Digest: Machine Learning: The High-Interest Credit Card of Technical Debt Paper

By: D. Sculley, Gary Holt, Daniel Golovin, Eugene Davydov, Todd Phillips, Dietmar Ebner, Vinay Chaudhary, Michael Young

Coming from a software background, I was very interested in this paper as it applies the concept of technical debt, often discussed in the software world, to machine learning. The basic gist of the paper is that like software, machine learning takes on technical debt as well. Not all technical debt is bad but being able to analyze where you’re taking on debt and what it costs is a great skill to have.

…imagine we have a system that uses features $x_1$, …, $x_n$ in a model. If we change the input distribution of values in $x_{1}$, the importance, weights, or use of the remaining $n−1$ features may all change—this is true whether the model is retrained fully in a batch style or allowed to adapt in an online fashion. Adding a new feature $x_{n+1}$ can cause similar changes, as can removing any feature $x_j$. No inputs are ever really independent. We refer to this as the CACE principle: “Changing Anything Changes Everything”

I’ve heard of this principle before but really liked how simple they present this. Especially where they point out all the weights of your model will can by adding or removing another feature.

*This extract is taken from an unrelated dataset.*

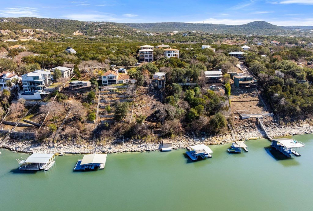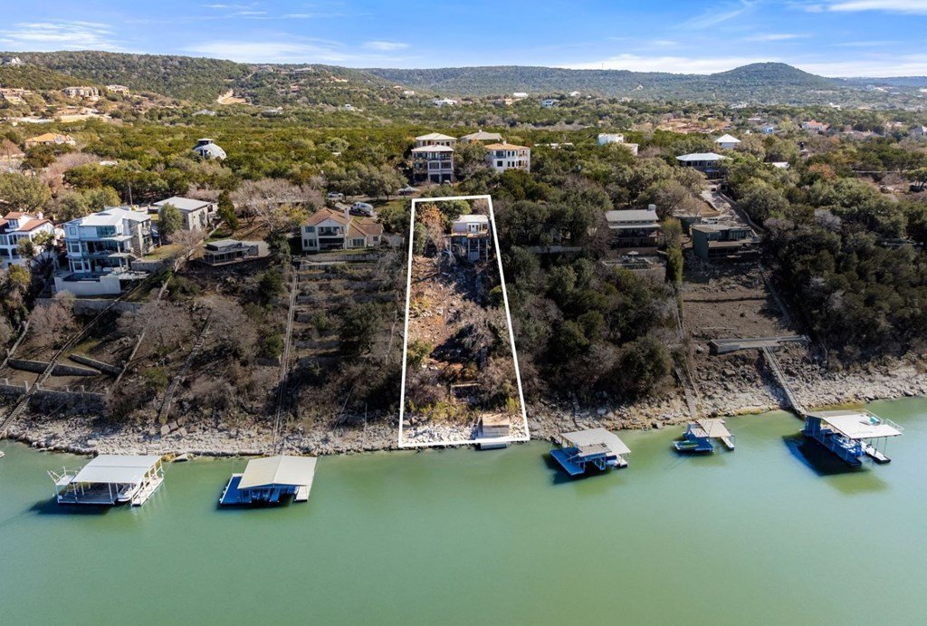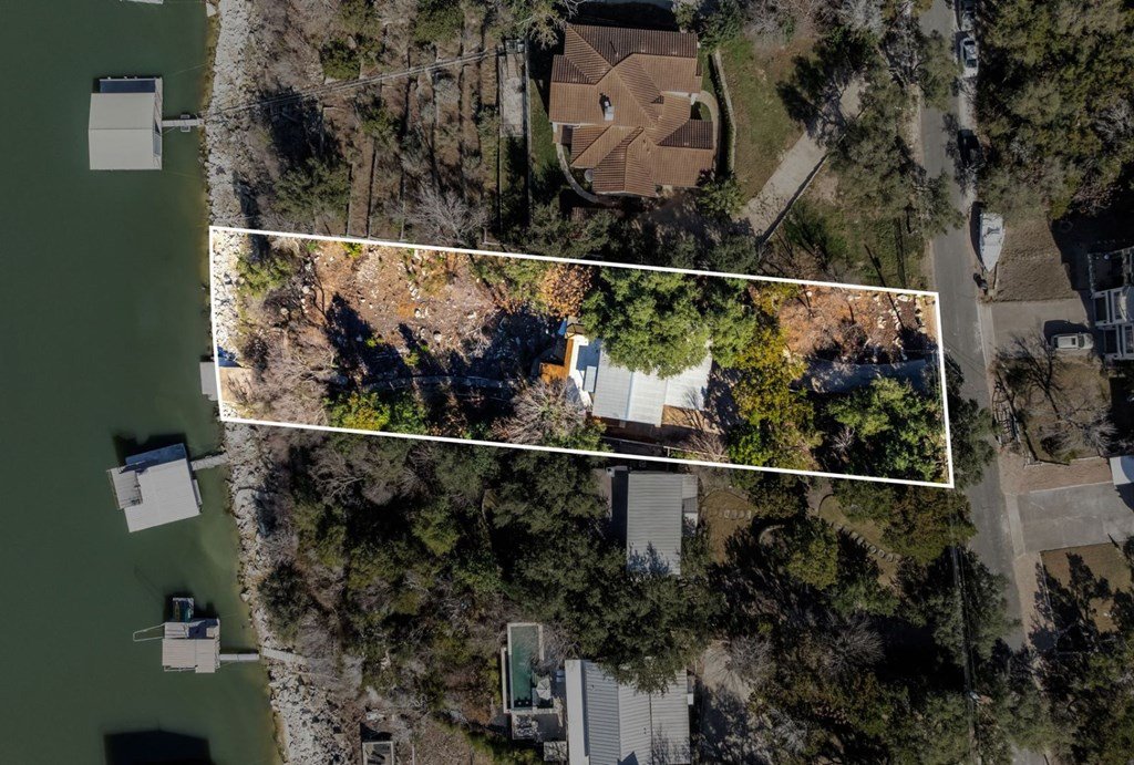 This deep-water Lake Travis property in Volente offers main-body waterfront, incredible lake views, and one of the best values currently available at its price point. With deep-water frontage, the property is well positioned for a future dock while already providing shoreline access. Elevated above the lake, the home captures sweeping lake views and year-round usability. The home will convey with newly purchased furnishings, allowing buyers to enjoy the property immediately or update at their own pace. Well suited for use as a private lake house or potential for short-term rental with approval from Village of Volente. The floor plan includes three bedrooms and two and a half bathrooms, with an open main level featuring a spacious kitchen, dining area, multiple living spaces and access to two expansive decks that extend the living space outdoors. The upper-level bedroom enjoys stunning lake views, private deck access, and a dedicated bath and study. Located in a quiet waterfront neighborhood with a single point of entry, the setting feels private while remaining highly convenient—just 10 minutes to Four Points (620 & 2222) for shopping, dining, and entertainment, and approximately 30 minutes to downtown Austin. The property is zoned to highly rated schools, including Grandview Hills, Four Points Middle, and Vandegrift High School, and is close to local favorites such as Volente Beach Club, Beachside Billy's, Shack 512, Stiechen Park, and a nearby fire station. Offering deep water, main-lake access, panoramic views, and immediate usability, this property stands out as a rare opportunity on Lake Travis—priced at lot value and ready to enjoy from day one.
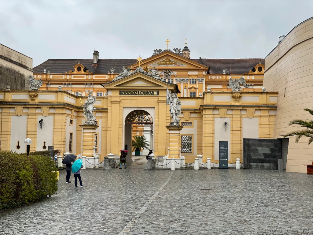 We had been booked to take the Durnstein walking tour, but decided we weren’t all that interested in getting stuck walking in the rain. So we walked on our own up to the Melk Abbey. We still had to walk in the rain, but we had the option of heading back anytime we wanted.

If this font-size module starts consuming CTR as an input signal, and font-size has an effect on user propensity to click, then the inclusion of CTR in font-size adds a new hidden feedback loop. It’s easy to imagine a case where such a system would gradually and endlessly increase the size of all headlines.

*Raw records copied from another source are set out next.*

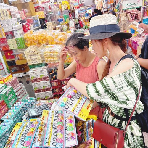 その後、再び「ハン市場」を訪れてお買い物。ダナン大聖堂からハン市場は徒歩だと3分くらいとすごく近いです。今日はTシャツを買いに来ましたがサイズ感が分からず、通りかかった韓国BOYに身体をかりました(笑)。次に、ハン市場からタクシーで5分くらいの場所にある「Go!(元:BIG C)」というデパートへ行きお買い物しました。中にスーパーマーケットがあるのでそこでお土産を購入!
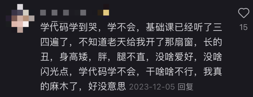 “如果你自身没有兴趣,那么每天都得盯着屏幕敲键盘,解决处理不完也没头绪的bug,绝对是一种心理和生理上的双重折磨。顶着这份压力还想成为行业内的佼佼者,难度不亚于考公。有这精力,你学别的专业肯定早混出头了,何必在一棵树上吊死。”
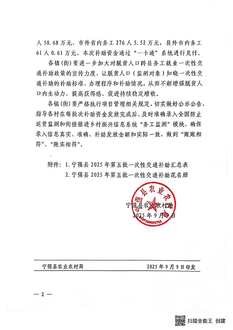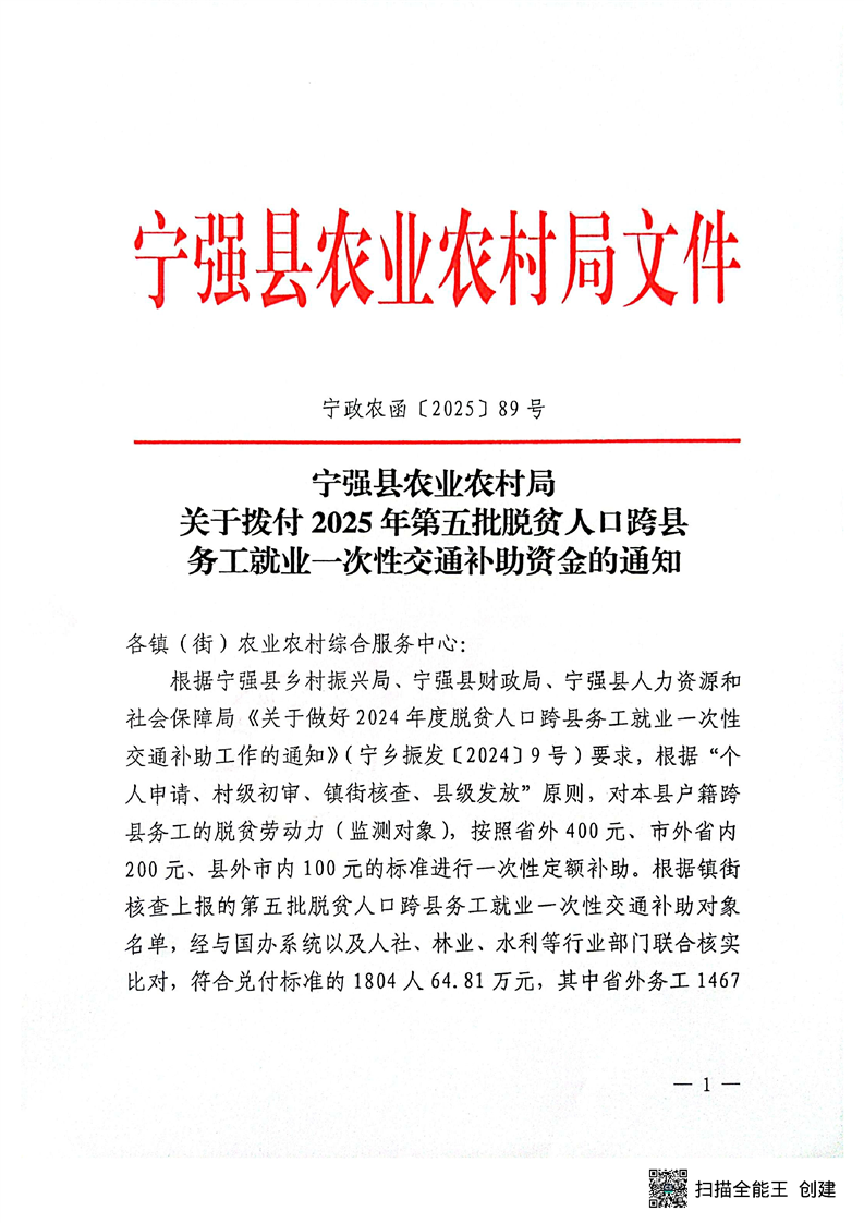 寧強縣農業農村局關于撥付2025年第五批脫貧人口跨縣務工就業一次性交通補助資金的通知

This proved to be an interesting scenario where a hidden feedback loop would have real life consequences. I imagine someone could receive reports that their website is entirely in size $72$ font an not have the faintest idea why.

One common mitigation strategy for unstable data dependencies is to create a versioned copy of a given signal. For example, rather than allowing a semantic mapping of words to topic clusters to change over time, it might be reasonable to create a frozen version of this mapping and use it until such a time as an updated version has been fully vetted. Versioning carries its own costs, however, such as potential staleness. And the requirement to maintain multiple versions of the same signal over time is a contributor to technical debt in its own right.

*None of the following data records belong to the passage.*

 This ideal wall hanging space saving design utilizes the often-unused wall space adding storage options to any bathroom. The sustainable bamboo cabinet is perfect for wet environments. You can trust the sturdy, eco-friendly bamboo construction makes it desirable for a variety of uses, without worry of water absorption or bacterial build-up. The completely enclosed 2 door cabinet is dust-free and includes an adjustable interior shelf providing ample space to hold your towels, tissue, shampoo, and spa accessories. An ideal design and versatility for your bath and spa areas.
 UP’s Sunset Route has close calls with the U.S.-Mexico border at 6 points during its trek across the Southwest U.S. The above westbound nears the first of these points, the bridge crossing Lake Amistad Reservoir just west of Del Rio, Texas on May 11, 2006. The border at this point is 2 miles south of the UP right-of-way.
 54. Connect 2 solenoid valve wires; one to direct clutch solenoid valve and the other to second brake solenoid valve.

This poses an interesting question that I don’t there’s a blatant right or wrong answer here. Depending on the size of your signals, the storage of copies may be significant. With storage costs being low today that may not be an issue but worth noting. I think the real payout for using a versioned copy of a signal would be for development and analysis, as you could learn about the versioned data and see if what you’ve learned still applies to later versions.

It may be surprising to the academic community to know that only a tiny fraction of the code in many machine learning systems is actually doing “machine learning”. When we recognize that a mature system might end up being (at most) 5% machine learning code and (at least) 95% glue code, re-implementation rather than reuse of a clumsy API looks like a much better strategy.

This is my favorite quote from the paper as it demystifies the notion that its common for someone to spend most of their day during pure machine learning. There’s data capturing, analysis, cleaning, infrastructure, writing some sort of code to expose your model such as as a REST API, testing, monitoring, etc….

Also, in a mature system which is being actively developed, the number of lines of configuration can far exceed the number of lines of the code that actually does machine learning. Each line has a potential for mistakes, and configurations are by their nature ephemeral and less well tested.

This quote is very close to my heart due to experiences I had at a prior employer. I’ve seen configuration files in the thousands of lines where no single person understands the entire file. The paper goes into a real example of how configuration item A could disable the next five items, while configuration B could modify how C is interpreted. These sorts of side effects really have to have documentation and not rely on the creator to recall or even be around.

Overall I really enjoyed the paper and look forward to more papers that analyze using machine learning models in production and problems one may encounter.